On December 11, 2003, respondent Jennifer Cagandahan filed a Petition for Correction
of Entries in Birth Certificate2 before the RTC, Branch 33 of Siniloan, Laguna. In her
petition, she alleged that she was born on January 13, 1981 and was registered as a
female in the Certificate of Live Birth but while growing up, she developed secondary
male characteristics and was diagnosed to have Congenital Adrenal Hyperplasia (CAH)
27
which is a condition where persons thus afflicted possess both male and female
characteristics. She further alleged that she was diagnosed to have clitoral hyperthropy
in her early years and at age six, underwent an ultrasound where it was discovered that
she has small ovaries. She then alleged that for all interests and appearances as well
as in mind and emotion, she has become a male person. Thus, she prayed that her
birth certificate be corrected such that her gender be changed from female to male and
her first name be changed from Jennifer to Jeff.

Cagandahan presented in court the medical certificate evidencing that she is


suffering from Congenital Adrenal Hyperplasia which certificate is issued by Dr. Michael
Sionzon of the Department of Psychiatry, who, in addition, explained that “Cagandahan
genetically is female but because her body secretes male hormones, her female organs
did not develop normally, thus has organs of both male and female.” The lower court
decided in her favor but the Office of the Solicitor General appealed before the Supreme
Court invoking that the same was a violation of Rules 103 and 108 of the Rules of Court
because the said petition did not implead the local civil registrar.

ISSUE:

Whether the trial court erred in ordering the correction of entries in the birth certificate of
respondent on the ground of her medical condition known as CAH under Rules 103 and
108 of the Rules of Court

RULING:

NO

Ultimately, we are of the view that where the person is biologically or naturally
intersex the determining factor in his gender classification would be what the individual,
like respondent, having reached the age of majority, with good reason thinks of his/her
sex. Respondent here thinks of himself as a male and considering that his body
produces high levels of male hormones (androgen) there is preponderant biological
support for considering him as being male. Sexual development in cases of intersex
persons makes the gender classification at birth inconclusive. It is at maturity that the
gender of such persons, like respondent, is fixed.

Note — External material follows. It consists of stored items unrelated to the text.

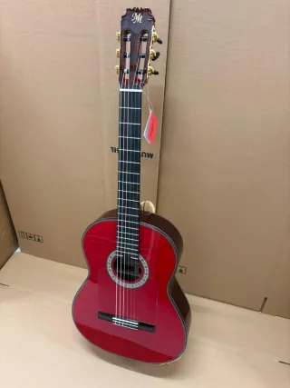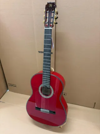 Guitarra flamenca modelo Manuela en color rojo. Construida con ciprés laminado. De “Modesto Malla” Cipres Real Español laminado Tapa de Pino abeto Aleman macizo Alma regulable (Truss rod) Huesos ajustados por luthier Enviamos directo de fabricante a través de Wallapop O transporte urgente.
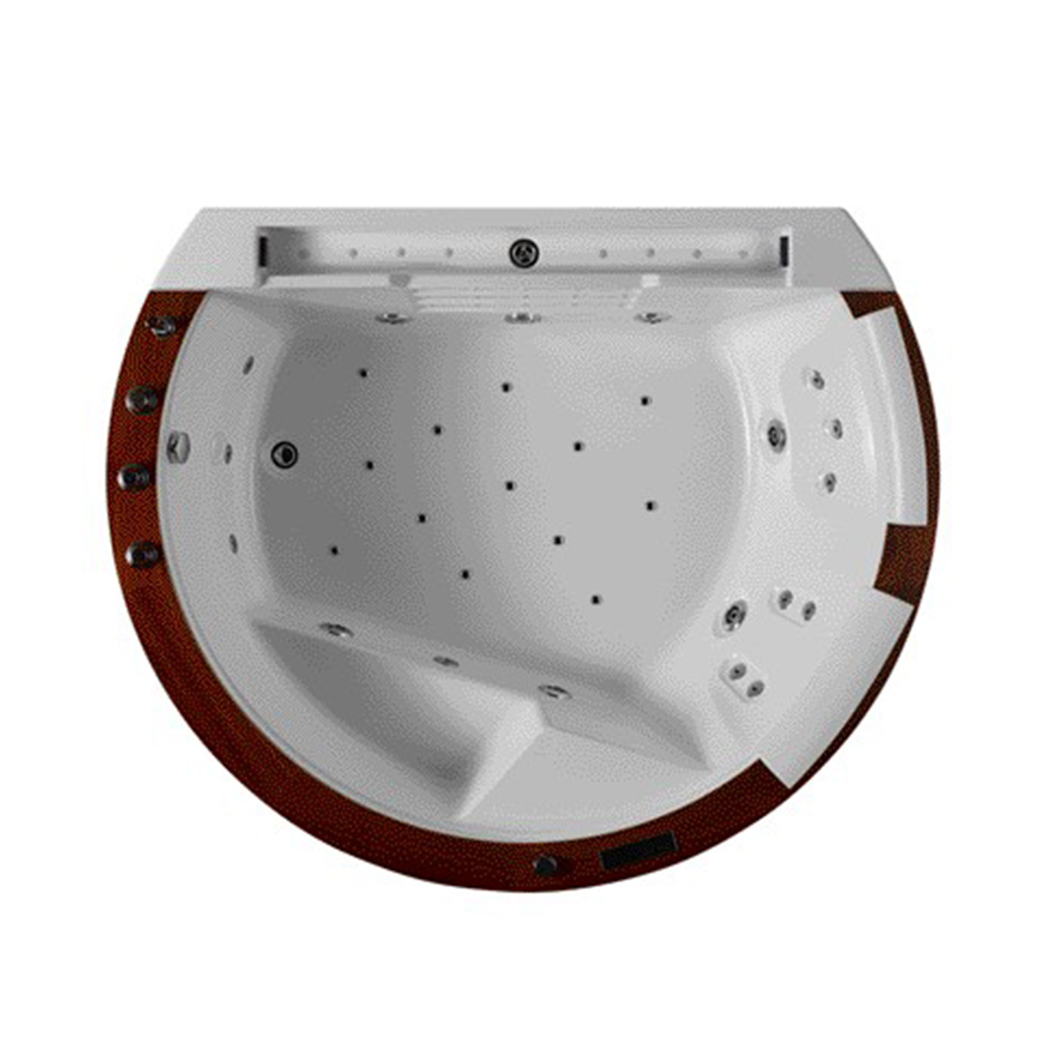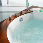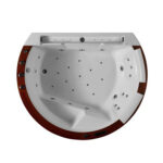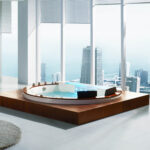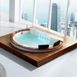 La vasca idromassaggio Scrigno, con il suo design circolare e asimmetrico, è un modelli più innovativi del catalogo Dimhora. La bordatura in legno massello aggiunge un tocco di esclusività, rendendola ideale per arricchire qualsiasi ambiente.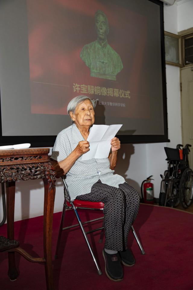 许氏家族代表,许宝騄先生侄女、94岁高龄的许恪儒女士代表亲属上台致辞,她在院系调整前曾在北大工作过。许恪儒在致辞中介绍了许氏家族情况,回忆了自己与许宝騄先生的点滴。她表示今天铜像的落成告慰了许宝騄先生的在天之灵,感谢政府和学校的关怀。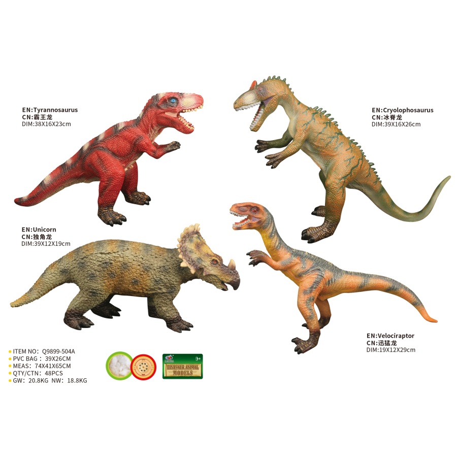 V balení naleznete 4 druhy Tyrannosaurus, Cryolophosaurus, Velociraptor, Unicorn.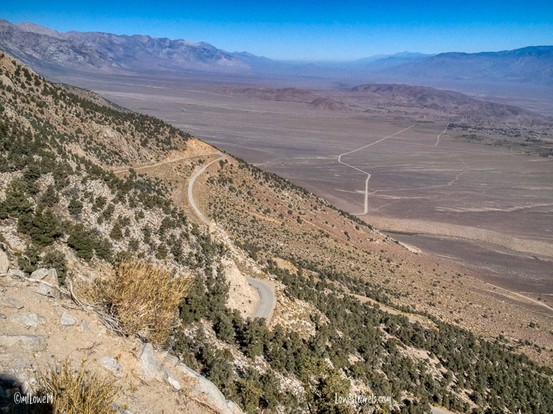The Horseshoe Meadow area is a popular entry point into Inyo National Forest and Sequoia National Park, with plenty of camping/picnicking opportunities. Getting there is an adventure in itself, with a 6,000′ elevation gain through many switchbacks as you drive up from Lone Pine. We stopped several times to enjoy panoramic views of Owens Valley, our RV park, mostly dried-up Owens Lake and the Inyo Mountains to the east. The Alabama Hills looked pretty small from way up here!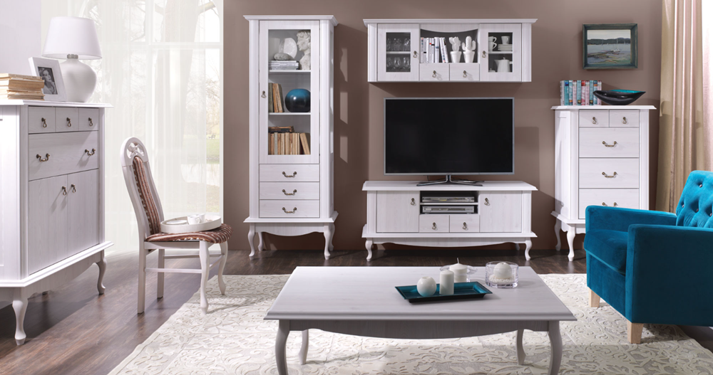 Meblościanka Ludwik została stworzona dla klientów lubujących się w eleganckim, klasycznym stylu. Dzięki swoim ozdobnym nóżkom i uchwytom meblościanka nabiera charakteru i doda domowego ciepła w każdym pomieszczeniu. Możemy nią urządzić salon czy pokój dzienny.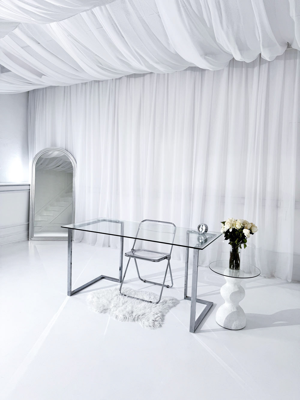 Mix and match our studio furniture to design a custom set for filming, podcasting, or photography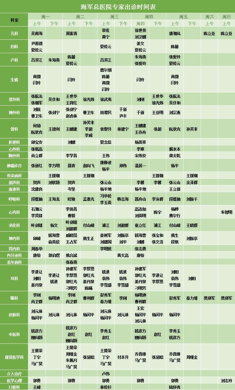 海军总医院专家坐诊表

That respondent is the one who has to live with his intersex anatomy. To him
belongs the human right to the pursuit of happiness and of health. Thus, to him should
belong the primordial choice of what courses of action to take along the path of his
sexual development and maturation. In the absence of evidence that respondent is an
"incompetent"[27] and in the absence of evidence to show that classifying respondent
as a male will harm other members of society who are equally entitled to protection
under the law, the Court affirms as valid and justified the respondent’s position and his
personal judgment of being a male.

WHEREFORE, the Republic’s petition is DENIED.